Someone does, but not you. Obviously, there's a server somewhere which runs your code. But since you don't deal with it directly, it's mostly as if there was no server - since it was abstracted away form you so you could focus on what you really want to do.
If you were to go down deeper, a server is just an electrical machine which shuffles eletrons around. So, you could say "there's no point in talking about 'servers', if we're just using transistors when you really think about it".
But it would convey no useful information if someone asked you "what are you using to run your service?" and you replied "well, I just move electrons around", would it?
No, i am not advocating reductionism, server has a analogical meaning as it serves something. Processing has analogical meaning as we do processes something, serverless implies there are no servers involved.
As far as managing goes, most of the server are not managed by you anyway. But yeah i get it, everyone likes it so...

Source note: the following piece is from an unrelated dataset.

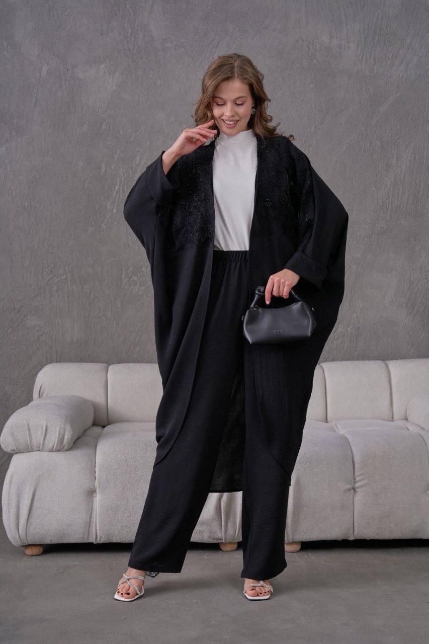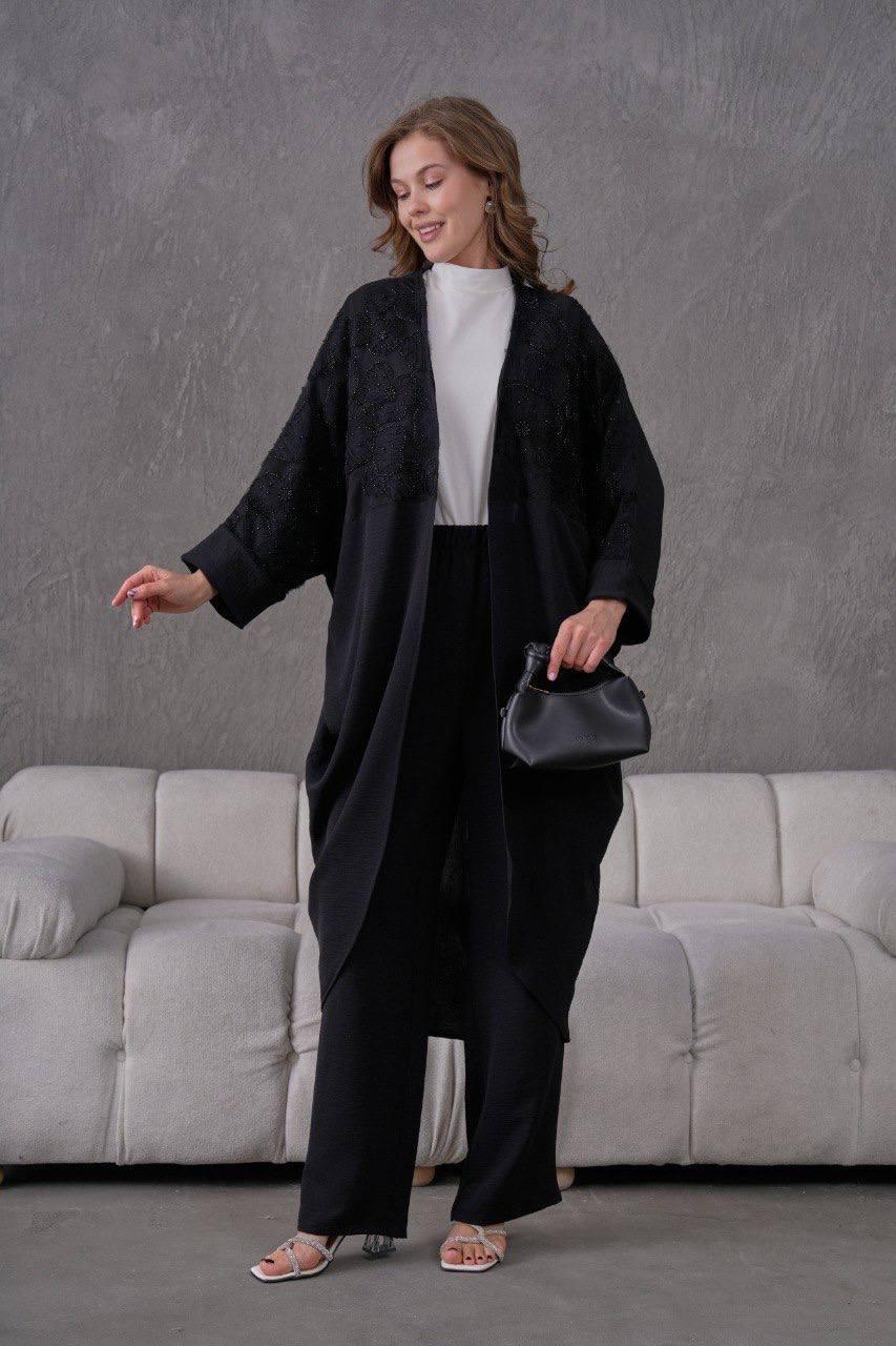 Zarif taş detayları ve yarım çiçek dokulu yüzeyiyle öne çıkan Siyah Keten Kimono, sade şıklığı modern bir duruşla buluşturuyor. Hafif ve nefes alabilen keten kumaşı sayesinde gün boyu konfor sunarken, dökümlü kimono formu vücuda yapışmadan şık bir siluet oluşturur. Günlük kombinlerden özel davetlere kadar geniş kullanım alanına sahip, zamansız ve kurtarıcı bir parçadır.

On the management side, I'm curious what you mean by "most of the server are not managed by you anyway". In my experience, unless you're in a very big company, you are either managing or at least minding the server, or someone within earshot range is.
In that scenario, not having to even consider if the error you're getting is because your server is restarting/out-of-memory/needing-update/broken-by-a-coworker like 99% of the time is as close to "serverless" as it gets, in terms of day-to-day work activities and worries.
If you were to go down deeper, a server is just an electrical machine which shuffles eletrons around. So, you could say "there's no point in talking about 'servers', if we're just using transistors when you really think about it".
But it would convey no useful information if someone asked you "what are you using to run your service?" and you replied "well, I just move electrons around", would it?